Howard Gethin/LONDON
Long-range precision strike remains an ability all commanders desire, but the cost and complexity remain high. Using manned strike aircraft allows a man-in-the-loop and lots of firepower, but is expensive and vulnerable, especially over a battlefield.
Artillery cannot strike in depth beyond about 40km (25 miles), even with extended range ammunition and, once a shell has left the barrel, the damage is all but done to friend, foe or bystander.
Commanders are now offered what is claimed to be a unique system. The Trilateral Fibre Optic Missile (TRIFOM) project will allow high value point targets to be attacked in depth, with hitherto unseen capabilities. The system, developed by France, Germany and Italy, is based around the Polyphem missile.
INTELLIGENT ARTILLERY
The Polyphem acts as intelligent artillery, but with a range of 60km (the initial requirement of 30km was extended). The TRIFOM requirement was for a weapon capable of attacking targets in depth, with a first-time direct hit. The weapon had to be non-specific (able to engage a range of targets), be highly mobile (with relocation possible in around 2-3h), supply real time information to the operator, be controlled all the way through the engagement, and only need a rough target location at launch - about 300-400m (1,000-1,300ft) accuracy.
The core of the system is the Polyphem's unique guidance, a high-resolution 3-5 micron imaging infrared camera sending data back to the operator in real time via a fibre-optic cable. The missile is fired from a launcher based on a container, with four launch vehicles, each with 12 missiles connected to a mission planning and command vehicle. Reaction time from set-up to launch is around 30min, with flight time to maximum range of around 6min.
The Polyphem is a 130kg (280lb) weapon, 2.7m in length, with a 20kg shaped charge warhead with preformed fragments. The missile is powered by a rocket booster, and a turbojet sustainer engine which starts when the weapon reaches 29,500ft/min (150m/s). At the rear of the missile is the tubular bobbin, which pays out fibre-optic cable for the datalink. Four large mid-mounted wings fold out after the weapon leaves the launcher.
The fibre-optic link presents the operator video data of the target, as well as passing commands from operator to missile. Fibre-optics offer the advantage of being jam-proof, as well as offering transmission rates as high as 200 megabytes/s. Unwinding a fibre at speeds of up to 35,430ft/min (maximum speed) has been the greatest challenge, concedes project manager Jean-Paul Roves.
"We have tested the bobbin out to 60km on a C-22 target and validated the system," he says.
The thin fibre-optic cable is potentially the most vulnerable part of the system, but Polyphem programme manager Frederic Donnaint denies the link has caused problems in flight over terrain. He points out that cruise altitude to the target is around 120-250m, well above the tops of trees or power lines.

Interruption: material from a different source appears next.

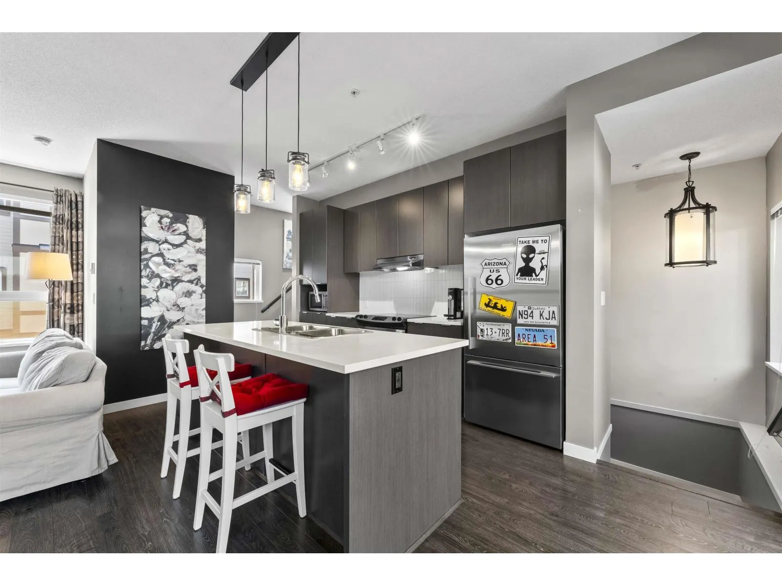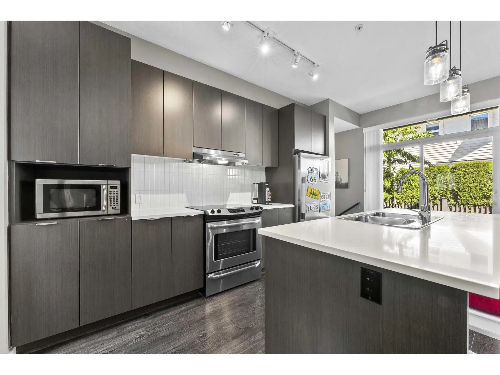 Welcome to this bright, south-north facing 2 bed, 3 bath townhome at Mason & Green by Polygon. Nearly 1,200 with a functional open layout, modern kitchen with quartz counters, SS appliances, and a large island, EV charge. Watch the kids play in the north-facing backyard right from your kitchen! Upstairs offers a spacious primary bedroom with walk-in closet and double sinks in the ensuite. Full-size side-by-side laundry and double garage with extra storage. Enjoy resort-style amenities at the Maples Club: pool, gym, lounge, and more. Steps to Richard Bulpitt Elementary, close to Willoughby Town Centre, parks, shops & transit. Easy Hwy 1 access! (id:27476)

The slow flight speed (which is selectable, between 23,600-35,400ft/min, or 250-375kt) would also render the missile vulnerable to short range air-defencesystems, although it has a smaller infrared signature than that of a rocket, and can attack from any direction to avoid defences, including steering through those en route to target.
Another potential problem is that the launcher will need to remain static during firing, with cable break likely if the launcher moves.
The TRIFOM programme began with an initial research memorandum of understanding by France and Germany in May 1991, leading to windtunnel tests of the missile in 1992. Italy joined the project in 1994. Ramp tests of the missile airframe were carried out in 1995, to check the survivability of the fibre-optic link in the harsh acceleration which is experienced during rocket motor launch.
Further benchtests were also carried out in 1995, including a 60km flight test on a C-22 target, a record distance for a fibre-optic link. The first canister launch was made successfully in Sardinia in January 1997. The missile made its first simulated attack flight trial in April 1997 (without a warhead), hitting the target.
Full system evaluation should be completed by the end of 2000, leading to project definition in 2001. The system will begin its development phase from 2002-5. Production is slated to begin in 2006.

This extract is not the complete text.